BEGIN Data for review

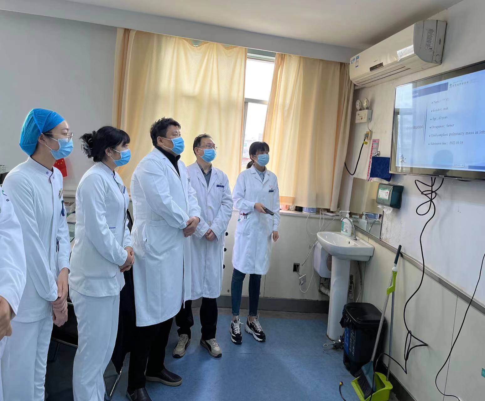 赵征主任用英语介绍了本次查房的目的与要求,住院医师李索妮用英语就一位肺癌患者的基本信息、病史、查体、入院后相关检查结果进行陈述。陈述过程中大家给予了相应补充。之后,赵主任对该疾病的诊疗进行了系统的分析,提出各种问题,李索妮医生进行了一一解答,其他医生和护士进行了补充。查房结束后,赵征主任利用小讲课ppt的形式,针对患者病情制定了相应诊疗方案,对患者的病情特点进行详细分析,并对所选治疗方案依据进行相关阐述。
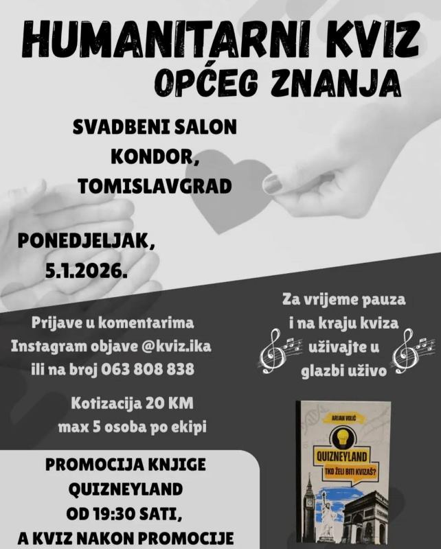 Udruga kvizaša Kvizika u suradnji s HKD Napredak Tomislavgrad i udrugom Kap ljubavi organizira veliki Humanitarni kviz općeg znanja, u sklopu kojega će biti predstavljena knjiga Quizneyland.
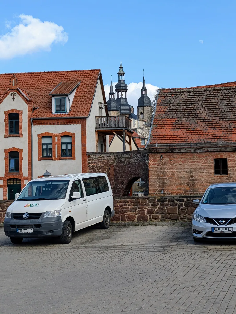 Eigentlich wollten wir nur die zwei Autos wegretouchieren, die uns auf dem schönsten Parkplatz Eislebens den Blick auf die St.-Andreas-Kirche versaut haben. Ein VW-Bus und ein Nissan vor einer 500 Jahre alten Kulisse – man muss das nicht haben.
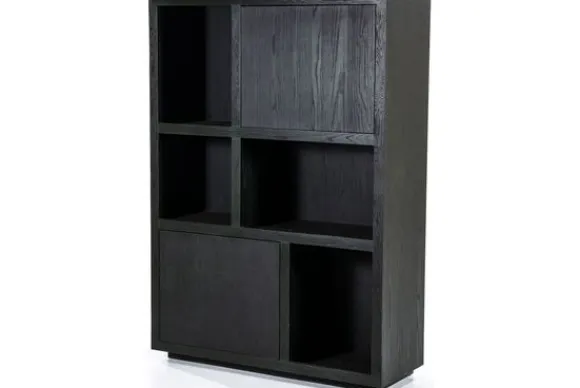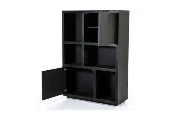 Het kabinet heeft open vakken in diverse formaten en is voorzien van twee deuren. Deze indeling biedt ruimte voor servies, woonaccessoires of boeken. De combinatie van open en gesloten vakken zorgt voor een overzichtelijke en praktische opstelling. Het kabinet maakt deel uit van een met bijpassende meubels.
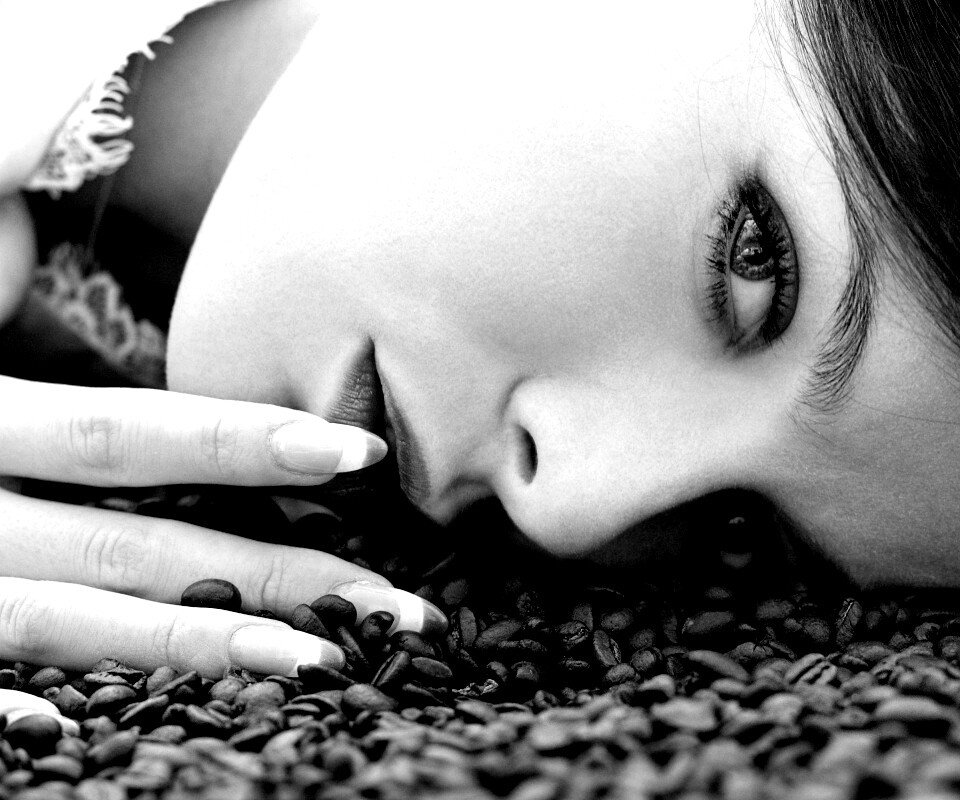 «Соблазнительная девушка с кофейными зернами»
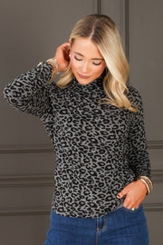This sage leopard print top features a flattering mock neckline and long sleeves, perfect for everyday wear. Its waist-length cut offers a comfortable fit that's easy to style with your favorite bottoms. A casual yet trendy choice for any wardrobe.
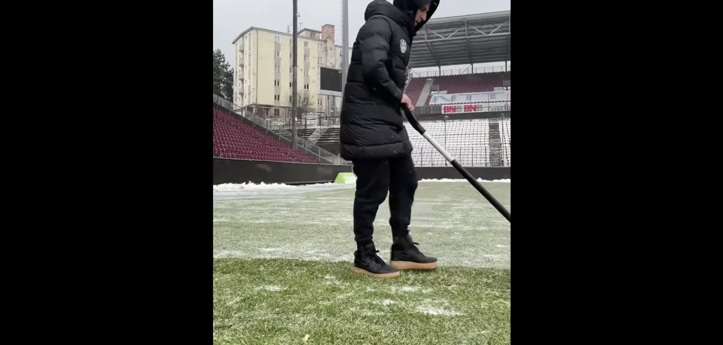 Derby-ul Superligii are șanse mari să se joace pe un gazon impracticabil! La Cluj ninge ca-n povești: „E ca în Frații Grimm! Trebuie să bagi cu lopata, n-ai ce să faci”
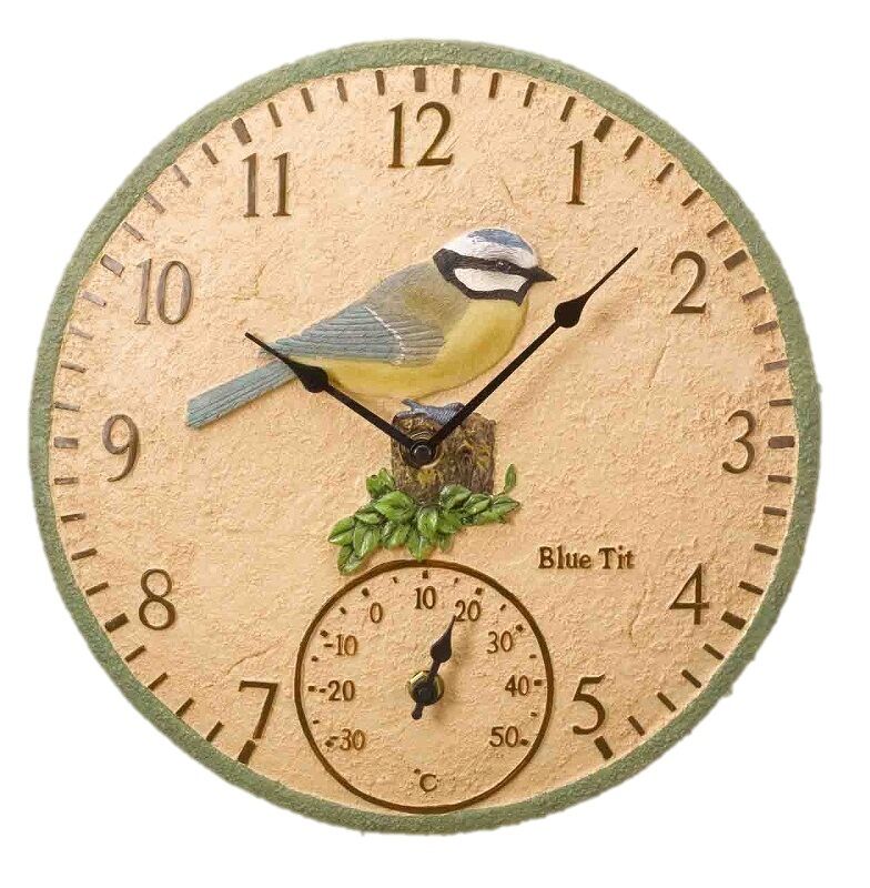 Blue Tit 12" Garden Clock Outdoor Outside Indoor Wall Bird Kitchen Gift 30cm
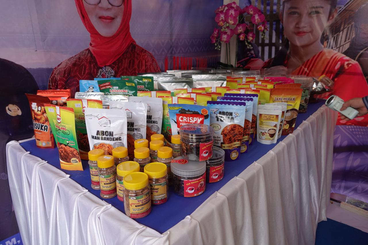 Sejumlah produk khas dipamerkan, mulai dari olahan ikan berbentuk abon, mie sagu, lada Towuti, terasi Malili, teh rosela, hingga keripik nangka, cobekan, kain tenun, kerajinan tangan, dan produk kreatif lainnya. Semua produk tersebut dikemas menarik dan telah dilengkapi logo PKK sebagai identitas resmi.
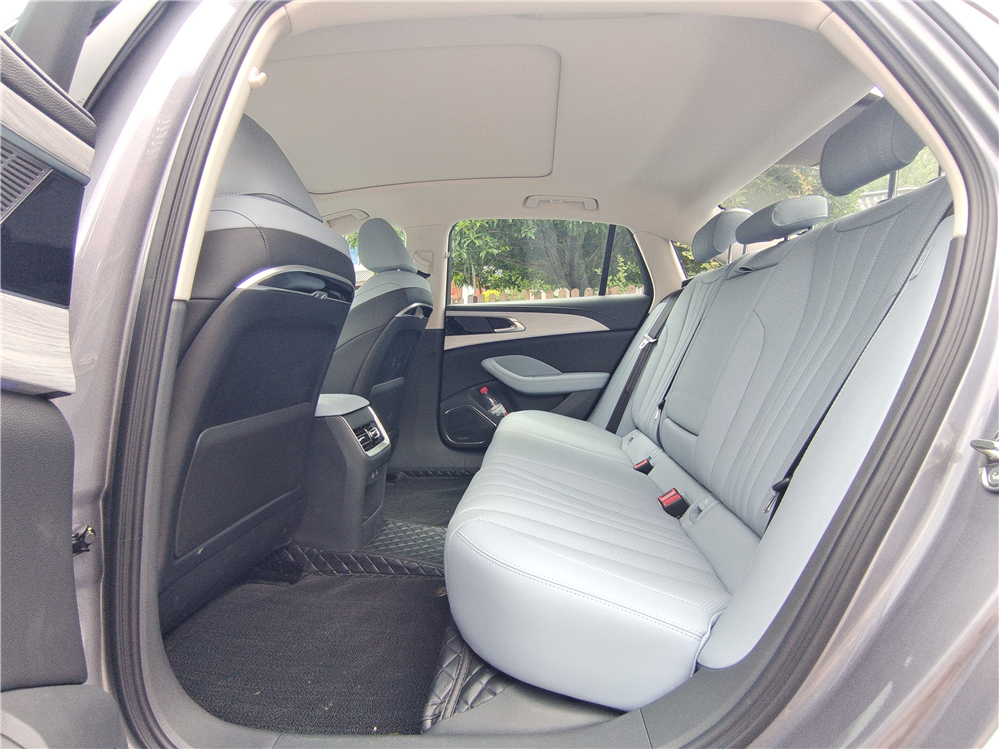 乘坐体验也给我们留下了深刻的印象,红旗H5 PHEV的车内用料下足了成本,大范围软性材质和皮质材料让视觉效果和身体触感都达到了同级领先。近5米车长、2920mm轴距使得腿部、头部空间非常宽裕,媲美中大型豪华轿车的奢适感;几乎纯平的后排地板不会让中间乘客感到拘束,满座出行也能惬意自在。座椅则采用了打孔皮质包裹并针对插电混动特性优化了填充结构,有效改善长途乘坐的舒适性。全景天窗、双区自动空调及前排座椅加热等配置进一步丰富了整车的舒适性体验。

END Data for review

**What you are asked to do**
Beginning with the line holding "Het kabinet heeft" in the material above, restate word for word each line through the line holding "Sejumlah produk khas", and exclude pictures.

**Answer section**
 Het kabinet heeft open vakken in diverse formaten en is voorzien van twee deuren. Deze indeling biedt ruimte voor servies, woonaccessoires of boeken. De combinatie van open en gesloten vakken zorgt voor een overzichtelijke en praktische opstelling. Het kabinet maakt deel uit van een met bijpassende meubels.
 «Соблазнительная девушка с кофейными зернами»
This sage leopard print top features a flattering mock neckline and long sleeves, perfect for everyday wear. Its waist-length cut offers a comfortable fit that's easy to style with your favorite bottoms. A casual yet trendy choice for any wardrobe.
 Derby-ul Superligii are șanse mari să se joace pe un gazon impracticabil! La Cluj ninge ca-n povești: „E ca în Frații Grimm! Trebuie să bagi cu lopata, n-ai ce să faci”
 Blue Tit 12" Garden Clock Outdoor Outside Indoor Wall Bird Kitchen Gift 30cm
 Sejumlah produk khas dipamerkan, mulai dari olahan ikan berbentuk abon, mie sagu, lada Towuti, terasi Malili, teh rosela, hingga keripik nangka, cobekan, kain tenun, kerajinan tangan, dan produk kreatif lainnya. Semua produk tersebut dikemas menarik dan telah dilengkapi logo PKK sebagai identitas resmi.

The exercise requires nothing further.